ASSIGNMENT:
Return the listing below exactly. Leave its pictures out.

[[ MATERIAL PROVIDED, beginning ]]

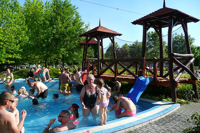 Lipot to malutka miejscowość z zawiłym dojazdem, ale kompleks termalny, choć niezbyt rozbudowany, jest wysokiej klasy. Nie mogliśmy w pełni skorzystać z tego co oferuje, bo najlepszy basen był dopiero przygotowywany do otwarcia. Przyjeżdżając przed sezonem trzeba więc sprawdzić dostępność na stronie WWW, niestety po węgiersku, bo w wersji angielskiej przetłumaczyli jak dotychczas tylko menu. Z tego co było widać basen ten ma urządzenia dla dzieci, sztuczna falę i 5 rur do zjeżdżania (w tym 2 bliźniacze) - wyglądał świetnie.
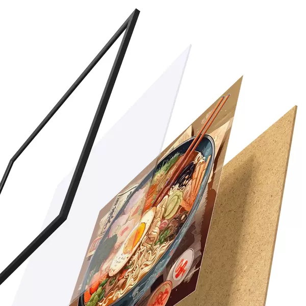 De poster bestaat uit een frame, plexiglas, geprinte afbeelding en spaanplaat achterkant. De poster kan meteen aan de muur worden gehangen dankzij de bevestigingen op de achterkant.
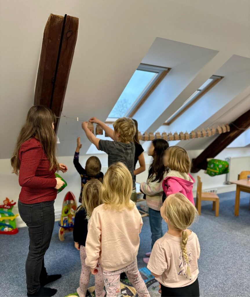 - Angličtinu zařazujeme lehce a nenuceně – přes písničky, obrázky a jednoduché hry.
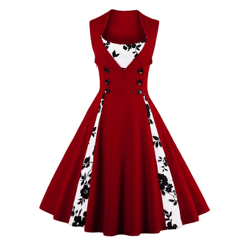 [“Description: \n\nFeatures:\nbrand new and high quality\nSleeveless, scoop neckline, fashionable imitation open-necked design on the bust.\nDecorative turn-down collar, contrast color patchwork, vintage floral print.\nWith button accents on the front waist, concealed zipper closure at side.\nfor Tank top style, empire high waist, pleated flared swing hemline, midi long dress.\nMade of high quality cotton blend material, soft, skin-friendly, comfortable to wear.\nGreat choice for cocktial, evening, prom, birthday, tea party, daily, dating,, banquet, wedding guest, or formal occasions.\n1 dress only, other accessories demo in the picture are not included!\n\nSpecification:\nMaterial: Cotton Blend\nOptional Color: Wine Red, Light Blue, Pink, Red\nSize: S/for M/L/XL/2XL/3XL/4XL/5XL(Chinese Size,follow the size chart to select please)\nSize:S\tLength:100cm(39.37inch)\tBust:88cm(34.64inch)\tWaist:68cm(26.77inch)\tShoulder:36cm(14.17inch)\nSize:M\tLength:101cm(39.76inch)\tBust:93cm(36.61inch)\tWaist:73cm(28.74inch)\tShoulder:37cm(14.56inch)\nSize:L\tLength:102cm(40.15inch)\tBust:98cm(38.58inch)\tWaist:78cm(30.71inch)\tShoulder:38cm(14.96inch)\nSize:XL\tLength:103cm(40.55inch)\tBust:103cm(40.55inch)\tWaist:83cm(32.67inch)\tShoulder:39cm(15.35inch)\nSize:2XL\tLength:104cm(40.94inch)\tBust:108cm(42.51inch)\tWaist:88cm(34.64inch)\tShoulder:40cm(15.74inch)\nSize:3XL\tLength:105cm(41.33inch)\tBust:113cm(44.48inch)\tWaist:93cm(36.61inch)\tShoulder:41cm(16.14inch)\nSize:4XL\tLength:106cm(41.73inch)\tBust:118cm(46.45inch)\tWaist:98cm(38.58inch)\tShoulder:42cm(16.53inch)\nSize:5XL\tLength:107cm(42.12inch)\tBust:123cm(48.42inch)\tWaist:103cm(40.55inch)\tShoulder:43cm(16.92inch)\nQuantity: 1 pc \n\nWarm prompt:\n1.Asian people size is 1 or 2 sizes smaller than European and American.\n2.Please note that low temperature washed,do not bleach and place under the blazing for sun for quite a long for time.\n3.As different measuring methods,it will occur 1-3 for cm deviation about the items,please ensure that it is okay for you before ordering.\n4.Because of different monitors and lamplight,the picture may not reflect the actual color of the item,really thank you for your kind understanding!\n \nPackage includes:\u007F\n1 x Dress(without retail package)”]

[[ MATERIAL PROVIDED, end ]]

EXPECTED OUTPUT:
 Lipot to malutka miejscowość z zawiłym dojazdem, ale kompleks termalny, choć niezbyt rozbudowany, jest wysokiej klasy. Nie mogliśmy w pełni skorzystać z tego co oferuje, bo najlepszy basen był dopiero przygotowywany do otwarcia. Przyjeżdżając przed sezonem trzeba więc sprawdzić dostępność na stronie WWW, niestety po węgiersku, bo w wersji angielskiej przetłumaczyli jak dotychczas tylko menu. Z tego co było widać basen ten ma urządzenia dla dzieci, sztuczna falę i 5 rur do zjeżdżania (w tym 2 bliźniacze) - wyglądał świetnie.
 De poster bestaat uit een frame, plexiglas, geprinte afbeelding en spaanplaat achterkant. De poster kan meteen aan de muur worden gehangen dankzij de bevestigingen op de achterkant.
 - Angličtinu zařazujeme lehce a nenuceně – přes písničky, obrázky a jednoduché hry.
 [“Description: \n\nFeatures:\nbrand new and high quality\nSleeveless, scoop neckline, fashionable imitation open-necked design on the bust.\nDecorative turn-down collar, contrast color patchwork, vintage floral print.\nWith button accents on the front waist, concealed zipper closure at side.\nfor Tank top style, empire high waist, pleated flared swing hemline, midi long dress.\nMade of high quality cotton blend material, soft, skin-friendly, comfortable to wear.\nGreat choice for cocktial, evening, prom, birthday, tea party, daily, dating,, banquet, wedding guest, or formal occasions.\n1 dress only, other accessories demo in the picture are not included!\n\nSpecification:\nMaterial: Cotton Blend\nOptional Color: Wine Red, Light Blue, Pink, Red\nSize: S/for M/L/XL/2XL/3XL/4XL/5XL(Chinese Size,follow the size chart to select please)\nSize:S\tLength:100cm(39.37inch)\tBust:88cm(34.64inch)\tWaist:68cm(26.77inch)\tShoulder:36cm(14.17inch)\nSize:M\tLength:101cm(39.76inch)\tBust:93cm(36.61inch)\tWaist:73cm(28.74inch)\tShoulder:37cm(14.56inch)\nSize:L\tLength:102cm(40.15inch)\tBust:98cm(38.58inch)\tWaist:78cm(30.71inch)\tShoulder:38cm(14.96inch)\nSize:XL\tLength:103cm(40.55inch)\tBust:103cm(40.55inch)\tWaist:83cm(32.67inch)\tShoulder:39cm(15.35inch)\nSize:2XL\tLength:104cm(40.94inch)\tBust:108cm(42.51inch)\tWaist:88cm(34.64inch)\tShoulder:40cm(15.74inch)\nSize:3XL\tLength:105cm(41.33inch)\tBust:113cm(44.48inch)\tWaist:93cm(36.61inch)\tShoulder:41cm(16.14inch)\nSize:4XL\tLength:106cm(41.73inch)\tBust:118cm(46.45inch)\tWaist:98cm(38.58inch)\tShoulder:42cm(16.53inch)\nSize:5XL\tLength:107cm(42.12inch)\tBust:123cm(48.42inch)\tWaist:103cm(40.55inch)\tShoulder:43cm(16.92inch)\nQuantity: 1 pc \n\nWarm prompt:\n1.Asian people size is 1 or 2 sizes smaller than European and American.\n2.Please note that low temperature washed,do not bleach and place under the blazing for sun for quite a long for time.\n3.As different measuring methods,it will occur 1-3 for cm deviation about the items,please ensure that it is okay for you before ordering.\n4.Because of different monitors and lamplight,the picture may not reflect the actual color of the item,really thank you for your kind understanding!\n \nPackage includes:\u007F\n1 x Dress(without retail package)”]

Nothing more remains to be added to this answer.